Who's Who Greek Myth: Artemis Virgin Goddess of the Moon and Hunting

This goddess was likely a very ancient deity adopted by the Greeks as goddess of the wild. According to Greek myth, the twin sister of Apollo was born before him and helped assist in his birth.

Artemis was goddess of the moon (her brother Apollo of the sun), as well as of hunting, unmarried (virgin) maidens and wild nature. As a child she asked to be free of marriage bonds, and lived in the mountains, hunting wild animals and dancing, her companions young girls (nymphs) who left when their time came to marry.

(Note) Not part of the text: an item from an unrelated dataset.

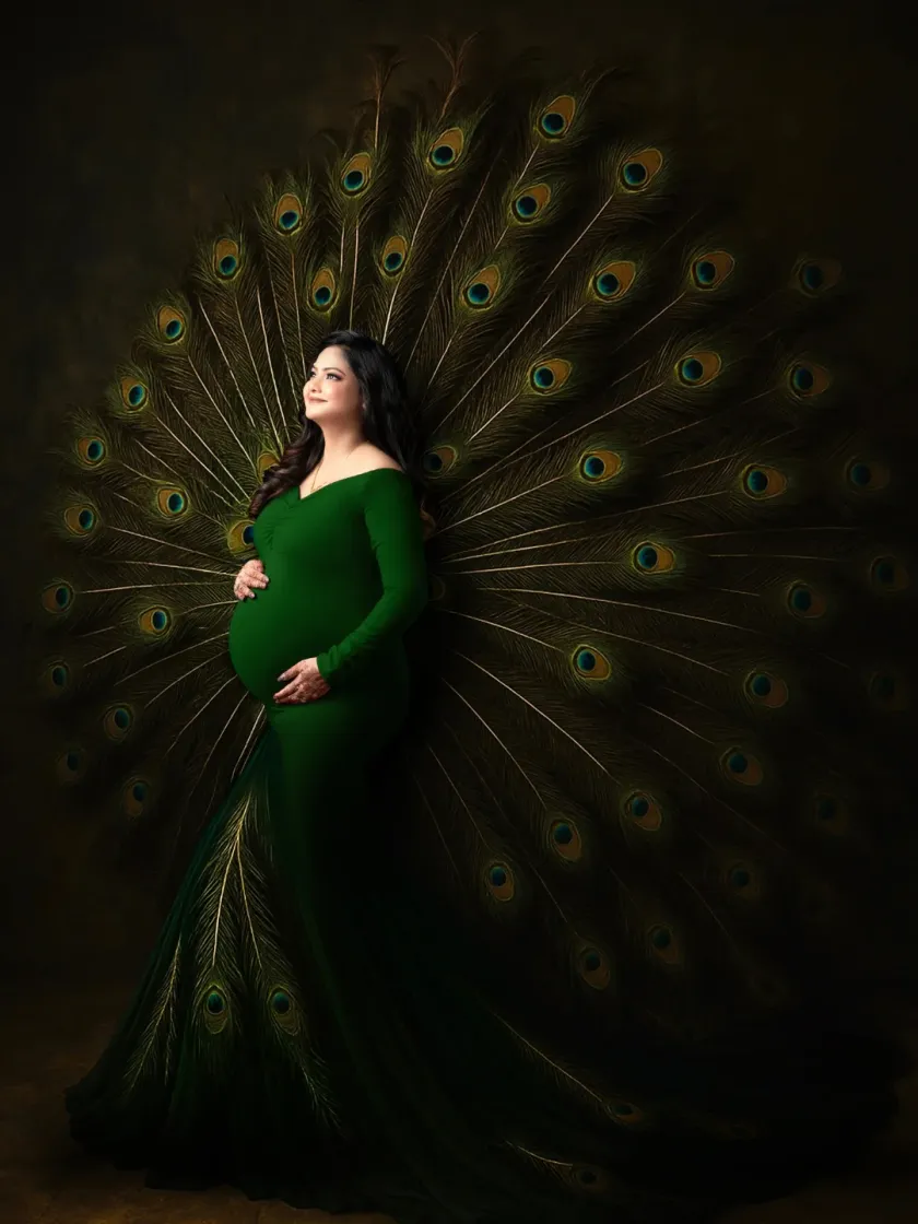 For those who want something truly unique, we design creative and thematic photoshoots. This collection highlights our artistic concepts, including ethereal angel wings, majestic peacock themes, dreamy moonlit silhouettes, and high-fashion "Vogue" style portraits. We use props and digital artistry to bring your imaginative vision to life.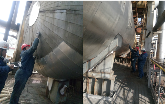 受LG渤?;瘜W(xué)有限公司委托,對現(xiàn)運(yùn)行中的17臺設(shè)備和36條管線進(jìn)行脈沖渦流檢測。保冷設(shè)備,保溫外層為呂皮/鐵皮保護(hù),中間層為隔熱棉和保冷材料。

She is usually pictured with a stag, which was sacred to her, and dressed in a short tunic, with quiver, bows and arrows, attended by her nymphs. She was also pictured with lions. Artemis was quite vengeful on many occasions. She turned Aktaeon into a stag and had her fifty hounds tear him apart (though some say that she set his own hounds on him), all for the sin of watching her bathe naked in the mountain stream.

She killed the huntsman, Orion, for attempting to rape her. It was she who demanded of Agamemnon the sacrifice of his daughter Iphigenia, because he had killed a stag (sacred to herself) when hunting.

She turned the nymph Kallisto into a bear on learning that she had become pregnant, because she had broken her earlier promise that she would remain a virgin. Artemis' important shrines are at Brauron in Attica, at Sparta, and at Ephesos in Asia Minor.